We can go further, and decide to break the plot in two, separately for males and for females:
This would allow us to answer “Is the relation between exercise and perceived general health different for men and for women?”. If that were the case, then the bar graphs on each panel would exhibit some different behavior. This does not seem to be the case.
There are always two ways to look at a stacked bar chart, depending on what kinds of percentages we compute, “row” or column. We could have computed column percentages:
exerany | poor | fair | good | very good | excellent |
---|---|---|---|---|---|
No | 56.7 | 42.4 | 30.5 | 19.4 | 16.4 |
Yes | 43.3 | 57.6 | 69.5 | 80.6 | 83.6 |
These percentages mean something different. For instance the \(80.6\) tells us that \(80\%\) of the respondents who described their health as “very good” said they exercise. These numbers will not help us reach the previous conclusion. All these numbers say, effectively, is that there are more people who exercise. The fact the percentage of “Yes” values does increase as we move towards the “excellent” group does hint at our desired conclusion, but in general this way of aligning the data does not make our case very well.

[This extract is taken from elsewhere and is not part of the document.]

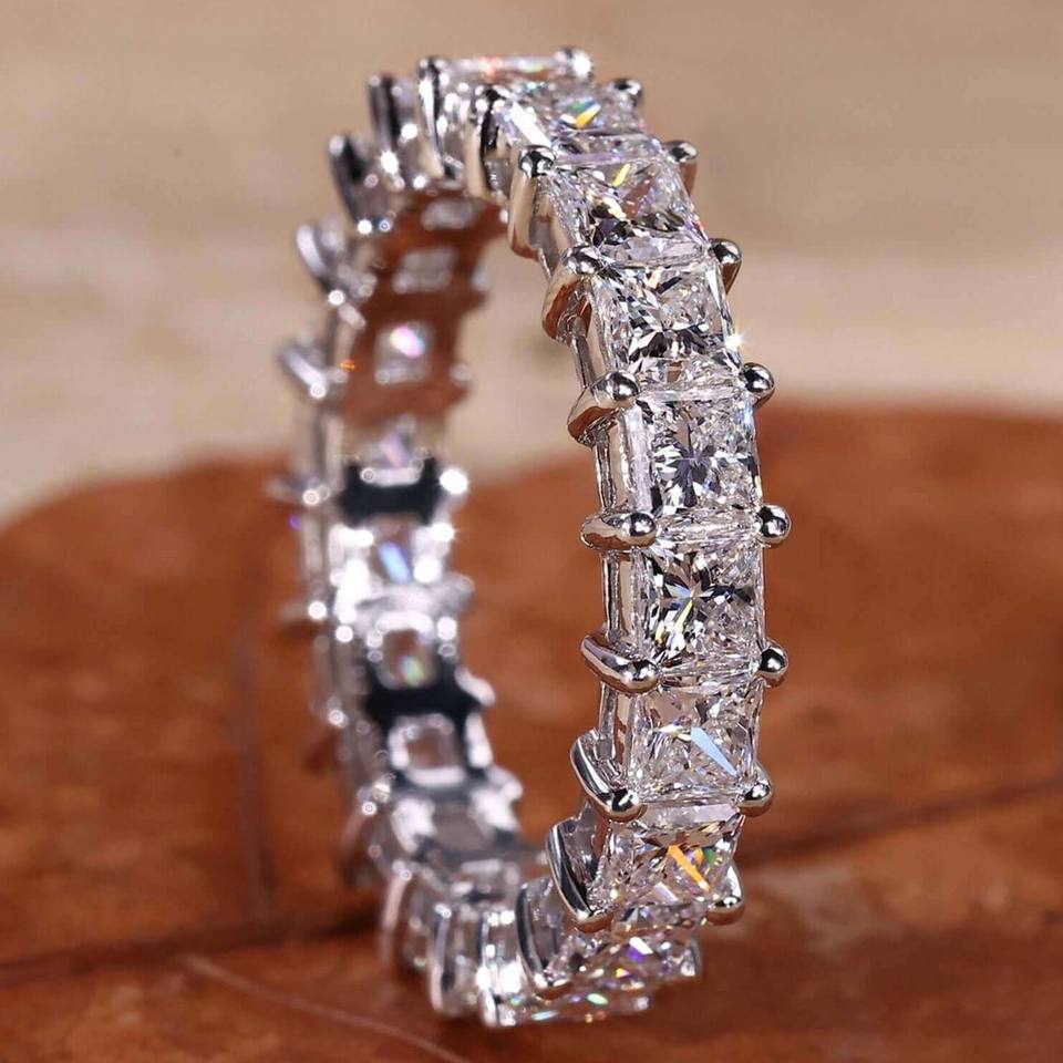 14k 18k Solid Gold Eternity Wedding Band Ring for Women Man Princess Cut Igi Certified Cvd HPHT Lab Grown Created Diamond Ring

Choose which variable you will place where in a stacked bar chart. Ask yourself which percentages you want to be able to read. Percentages within one bar always add up to \(100\%\).
When comparing categorical and scalar variables, a good first step is a boxplot:
This compares the gender of Hanover students against their GPAs. What we can see here is that even though both sets of students have a wide range of values, the GPAs for female students tend to concentrate a bit higher than the GPAs for the male students. In fact the medians are about 0.3 units apart. So there appears to be some relation between a student’s gender and their GPA.
Even though this difference might appear to be small, it comes from fairly large samples, which tends to make it more considerable. We will discuss these issues more extensively later.
Along with the boxplot, some numerical summaries are helpful:
Gender | Q1 | Median | Q3 | IQR | Mean | Std. dev. |
---|---|---|---|---|---|---|
Female Male | 2.82 2.49 | 3.21 2.84 | 3.56 3.26 | 0.735 0.768 | 3.15 2.86 | 0.511 0.554 |
We will discuss this extensively in the next section.